“As for informing the Indonesians about the activities of the Papuans in Senegal, it is better to let the Dutch or the Australians do it…” This American diplomatic communication from 1978 is surprising. What were Papuans doing in Dakar in the mid-1970s and why should Indonesians care?
At this time, several Melanesian peoples rejected Indonesian authority over island regions of Oceania, such as the eastern part of Timor or the western part of Papua New Guinea. The action of the Indonesian army and the resistance it encountered left tens of thousands dead and displaced. The independence movements do not receive support from any leader in the world. None, except one: the Senegalese Léopold Sédar Senghor. “So far, only the Republic of Senegal has granted us help”stated Ben Tanggahma, representative of Papua in Dakar, in 1976, in an interview with the American magazine Black Book Bulletin.

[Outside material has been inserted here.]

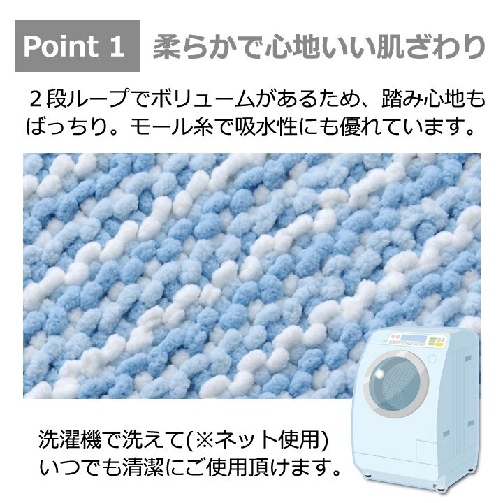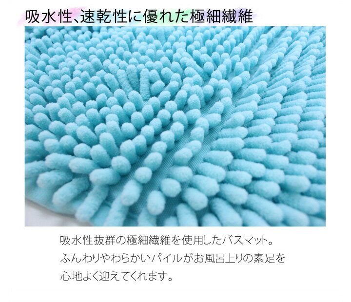その他 快適ふわふわボリューム バスマット/お風呂マット 【ブルー 約50×75cm】 洗える 吸水性 防滑加工 〔脱衣所 洗面所〕 ds-2319383
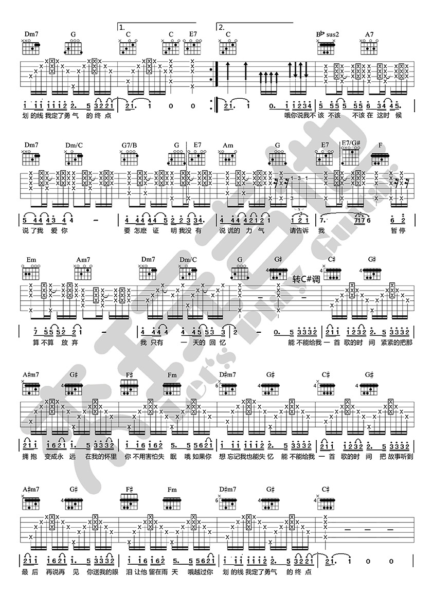 - 周杰伦《蜗牛》吉他谱 六线谱高清版 C调弹唱谱

Indonesia’s prestige was great then. Under President Sukarno (1945-1965), the country was the champion of political Third Worldism by hosting the Bandung conference in 1955. When the archipelago changed with Suharto’s takeover, it became an ally of Western powers.
The Nigerian intellectual Wole Soyinka is known for having criticized Senghor’s thought and “blackness”, a central concept for the Senegalese leader. But in 2002, shortly after the independence of East Timor, he took up the pen to defend the role of poet-president, in solidarity with the struggle of the Melanesian peoples. “He was the only African leader who cared about the fate of these people and helped them in their struggle for self-determination. His position defied even American policy…” A portrait that contrasts with the widespread memory of a leader who was timid in the face of opposition to Western capitals.
“Melanesian nationalism”
In 1976, Léopold Sédar Senghor decided to offer struggling Papuans representation in Dakar. The Provisional Revolutionary Government of West Papua New Guinea (GRP), established in 1971, sent Ben Tanggahma to Senegal. He shares Senghor’s Catholicism. In addition to an office, a car is made available. Following this, Senegal also received representatives of the Palestine Liberation Organization (PLO) and the African National Congress (ANC). From Dakar, Ben Tanggahma, who seeks to get closer to both these liberation movements and African leaders, travels to countries in the region.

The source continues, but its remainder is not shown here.